▶ [About this task]: What you need to produce from the material below is an exact transcription of the lines from the one with "Now beat the" through the one with "CW PATTERN HOLSTER.", both included, and no other line.

▶ [Material provided]:
___
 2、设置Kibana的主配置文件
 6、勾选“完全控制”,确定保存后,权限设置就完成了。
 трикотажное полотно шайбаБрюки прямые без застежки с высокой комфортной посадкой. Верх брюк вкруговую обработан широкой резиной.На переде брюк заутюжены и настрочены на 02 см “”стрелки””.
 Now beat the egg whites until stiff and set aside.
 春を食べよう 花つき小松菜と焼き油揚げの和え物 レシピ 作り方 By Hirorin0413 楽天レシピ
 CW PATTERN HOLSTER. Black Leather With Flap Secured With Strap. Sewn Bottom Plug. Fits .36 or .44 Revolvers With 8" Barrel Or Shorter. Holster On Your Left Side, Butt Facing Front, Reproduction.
___
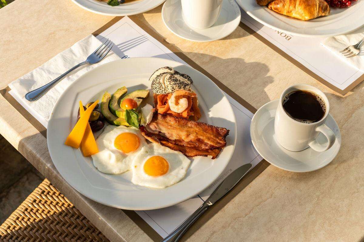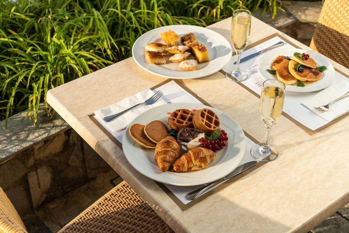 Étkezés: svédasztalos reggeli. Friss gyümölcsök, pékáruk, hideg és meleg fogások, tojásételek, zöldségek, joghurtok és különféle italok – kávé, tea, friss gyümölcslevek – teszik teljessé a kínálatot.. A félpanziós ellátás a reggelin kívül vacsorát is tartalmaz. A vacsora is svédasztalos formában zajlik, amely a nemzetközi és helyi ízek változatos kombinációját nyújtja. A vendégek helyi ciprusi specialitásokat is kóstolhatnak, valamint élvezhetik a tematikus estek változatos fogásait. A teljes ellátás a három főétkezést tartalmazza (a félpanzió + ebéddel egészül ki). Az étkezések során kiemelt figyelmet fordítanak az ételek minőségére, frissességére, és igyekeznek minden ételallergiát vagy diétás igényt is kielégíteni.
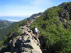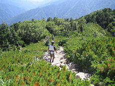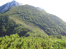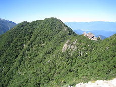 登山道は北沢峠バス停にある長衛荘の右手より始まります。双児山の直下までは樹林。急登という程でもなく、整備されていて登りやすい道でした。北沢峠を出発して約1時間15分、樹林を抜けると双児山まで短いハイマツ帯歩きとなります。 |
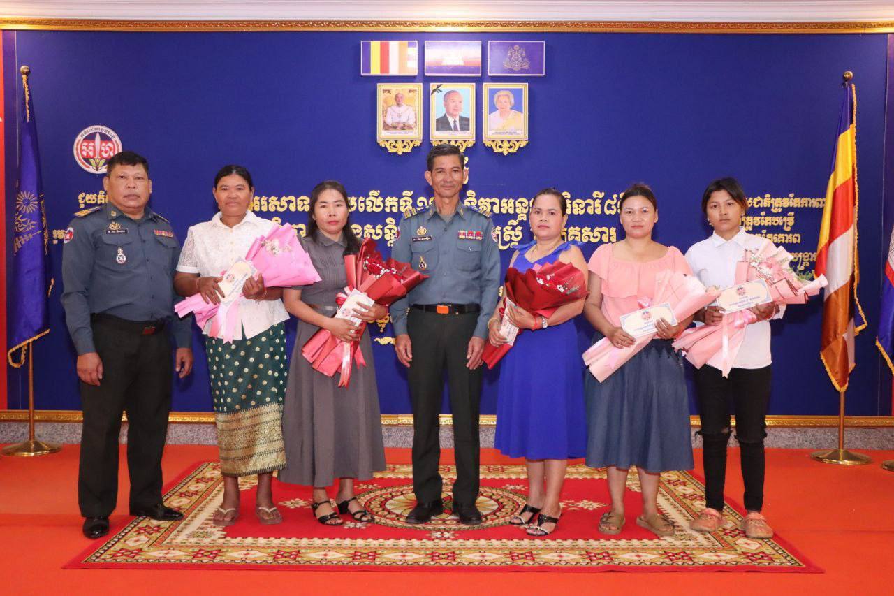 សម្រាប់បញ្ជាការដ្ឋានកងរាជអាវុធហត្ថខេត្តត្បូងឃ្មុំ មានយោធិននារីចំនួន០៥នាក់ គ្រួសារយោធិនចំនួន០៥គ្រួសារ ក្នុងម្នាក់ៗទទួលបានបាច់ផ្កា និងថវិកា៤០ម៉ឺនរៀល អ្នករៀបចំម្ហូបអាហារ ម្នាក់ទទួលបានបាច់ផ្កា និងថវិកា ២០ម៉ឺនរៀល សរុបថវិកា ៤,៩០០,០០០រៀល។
___
▶ [Response area]:
 Now beat the egg whites until stiff and set aside.
 春を食べよう 花つき小松菜と焼き油揚げの和え物 レシピ 作り方 By Hirorin0413 楽天レシピ
 CW PATTERN HOLSTER. Black Leather With Flap Secured With Strap. Sewn Bottom Plug. Fits .36 or .44 Revolvers With 8" Barrel Or Shorter. Holster On Your Left Side, Butt Facing Front, Reproduction.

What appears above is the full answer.